An A-10 Pilot Could Hope to Last Two Weeks Against the Soviets
Cold War planners expected to lose up to 60 A-10s a day
The U.S. Air Force is planning to retire all 350 of its A-10 attack planes, blaming budget cuts and the slow-flying jet's trouble surviving against the most sophisticated enemy air defenses.
That problem is not new. The A-10 force has performed well in Afghanistan, devastating lightly-armed insurgents and saving scores of American and allied lives—and losing no jets to sporadic enemy fire. (One A-10 was shot down in Iraq.) But even 30 years ago, Air Force planners expected A-10s to suffer heavy casualties in any serious fight.
In the 1980s the Air Force planned to deploy 68 A-10s to each of six Forward Operating Locations in West Germany in the event of war with the Soviets. The twin-engine A-10s, with their 30-millimeter guns and Maverick missiles, were NATO’s main tank-killing weapon.
According to Combat Aircraft magazine, the flying branch predicted that, if the A-10s went into action, seven percent of the jets would be lost per 100 sorties. Since each pilot was expected to fly at most four missions per day, each base would in theory generate more than 250 sorties daily. At this pace, a seven-percent loss rate per 100 flights equaled at least 10 A-10s shot down at each FOL every 24 hours — and that’s being conservative.
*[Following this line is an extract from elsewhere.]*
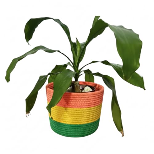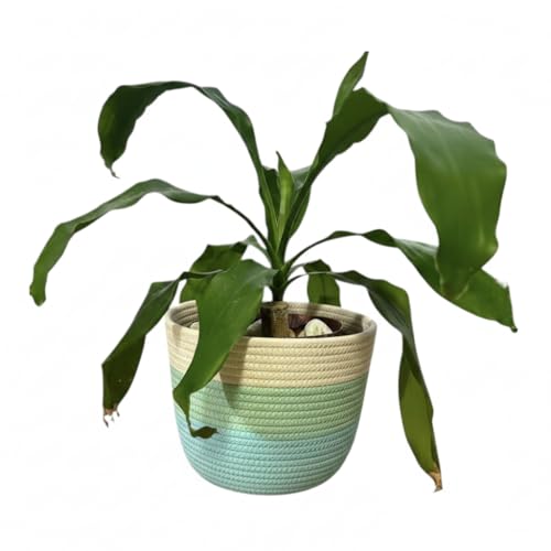 Generic - سلة تخزين من الحبال القطنية من ام زد، غطاء وعاء نباتات مزخرف، اخضر مينت وطبيعي، بلونين قطر، 20 سم

At that rate, in less than two weeks the entire A-10 force at the time — around 700 jets — would have been destroyed and the pilots killed, injured, captured or, at the least, very shook up.
In the brutal calculation of Cold War planning, it was perhaps worth it to expend an entire warplane fleet and all its pilots “in pursuit of the destruction of several hard-charging Soviet armored divisions,” in the words of University of Kentucky professor Rob Farley.
If the Air Force were to face a high-tech foe today, the math would probably be different. It’s unlikely the Pentagon could justify sacrificing hundreds of pilots against anything short of a truly existential threat. And for that reason Farley says he’s ambivalent about the A-10's future.
But in putting the A-10 on the chopping block, the Air Force is assuming it won’t ever fight anything short of a full-scale war against a peer enemy. Do we really believe the era of low-intensity wars has ended?